MVM - IOD

Karlsruhe Institute of Technology

Abstract

We introduce the Machine Vision Metrology Industrial Object Dataset (MVM-IOD), for evaluating 3D reconstruction, camera pose estimation and novel view synthesis of complex industrial objects. The hardware setup to acquire MVM-IOD consists of a camera, mounted upside down due to space restrictions, at the end effector of an industrial robot arm. Images of typical industrial objects are captured systematically, by moving the camera on a hemisphere around the objects. MVM-IOD contains the ground truth camera poses, the acquired RGB images, and the ground truth 3D point cloud of 9 objects and 2 background choices (alu and green) resulting in 18 scenes, which allows evaluation of all image based methods that compute a 3D reconstruction, camera poses, and/or novel views.

Dataset Creation

MVM-IOD was acquired using an Universal Robots UR3e industrial robot arm with an IDS U3-31J0CP-C-HQ Rev.2.2 RGB camera mounted at its end effector. For each object, we capture 300 images from the same camera poses. To this end, we perform a camera calibration as well a a hand-eye calibration beforehand. We obtain the ground truth of the camera poses by composing the hand-eye pose with the robot poses known via forward kinematics. The ground truth 3D point cloud of each object is obtained using a AS1 and AA85 line scan system from Hexagon with a system accuracy of 0.047 mm.

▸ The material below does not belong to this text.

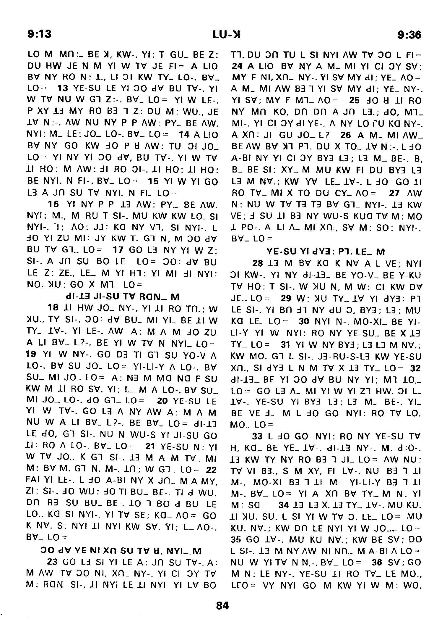 1980年傈僳語聖經全書 路加福音 9 章 13 節到 9 章 36 節

Robot arm setup used for data acquisition
Capture setup: RGB camera mounted to the
end effector of an UR3e robot arm. Here,
object 6 is captured with background alu.

sample equidistant
camera poses
on a hemisphere

Hemispherical camera trajectory
Red pyramids visualize the sampled camera poses,
along with a SfM 3D reconstruction of object 6.

Experiments

We extensively evaluate current state-of-the-art 3D reconstruction and camera pose estimation methods, such as Structure from Motion [1], Multi-View Stereo [2], Visual Geometry Grounded Transformer (VGGT) [3], π³[4], as well as 2D Gaussian Splatting [5] on MVM-IOD and report our findings to create a baseline for future research. We found that our upside down capture setup generates images that are out-of distribution for both VGGT and π³, leading to suboptimal point clouds and camera poses. We show that in our case, out-of distribution images can be shifted closer to the training distribution by applying preprocessing steps such as rotating the images by 180 degrees and changing the aspect ratio of the images. This shows that in certain industrial applications, VGGT and π³ should be used with caution.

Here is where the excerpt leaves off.